W sumie to ja się nad nimi zastanawiałem oraz nad GalaxyWatch Active2 i ostatecznie wygrał Samsung.
Miałem też przez kilka dni TicWatcha, ale odesłałem.
O 2 dniach na baterii możesz zapomnieć przy zwyczajnym korzystaniu, chociaż najbliżej tego wyniku będzie Ticwatch, bo średnio 1,5 dnia u mnie wytrzymał. Jednak jeśli do tego co drugi dzień dojdzie jakiś jednogodzinny trening, to bateria starczy na jakieś 24 godziny. Jednak tutaj muszę dodać że takie wyniki miałem ze stałym pomiarem tętna oraz pomiarem snu.
TicWatch pro ma więcej funkcji sportowych, bo poza GoogleFit, które jest również w Fossilu, są apki sportowe od TicWatcha, które sprawują się nieźle, dodatkowo jest opcja śledzenia snu, czy ciągłego pomiaru pulsu. W Fossilu o pomiarze snu czy stałym pomiarze tętna możesz zapomnieć.

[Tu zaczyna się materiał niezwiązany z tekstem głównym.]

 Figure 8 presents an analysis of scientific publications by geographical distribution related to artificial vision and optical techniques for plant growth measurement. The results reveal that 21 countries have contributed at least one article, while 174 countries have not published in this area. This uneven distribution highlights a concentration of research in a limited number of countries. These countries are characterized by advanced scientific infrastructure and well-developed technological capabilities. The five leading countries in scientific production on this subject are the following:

TicWatch pro jest jednak bardzo dużym zegarkiem. Producent podaje że koperta to 45mm, ale rzeczywiście w najszerszym punkcie, czyli od widełek mocowań paska do widełek pod drugiej stronie, wychodzijakieś 51mm, więc jest to kawał kloca i trzeba mieć do tego dość szeroki nadgasrtek i głównie dlatego go odesłałem.

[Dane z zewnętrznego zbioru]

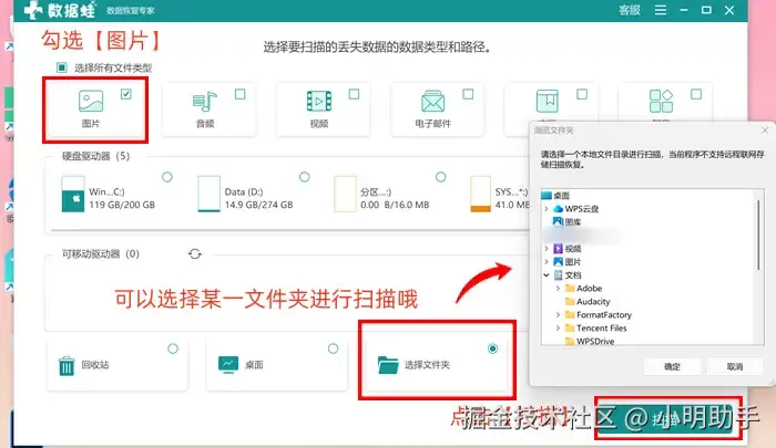 步骤1: 在电脑启动数据 蛙恢复专家后,在软件的首页上根据提示完成文件类型的选择(勾选上方的【图片】),再选择照片丢失的位置进行扫描,之后点击【扫描】按钮;

Sam ekran jest też dość ciemny w trybie automatycznym i mimo że ma lepsze parametry od tego np w Samsungu, to wygląda na dużo gorszy w rzeczywistości.
Dużo informacji można znaleźć na Redditcie o Fossilu i jeśli powyłączasz prawie wszystkie opcje, to może 1,5 dnia osiągniesz, ale przy takim normalnym korzystaniu to ledwo 1 dzień wychodzi, o sporcie można zapomnieć.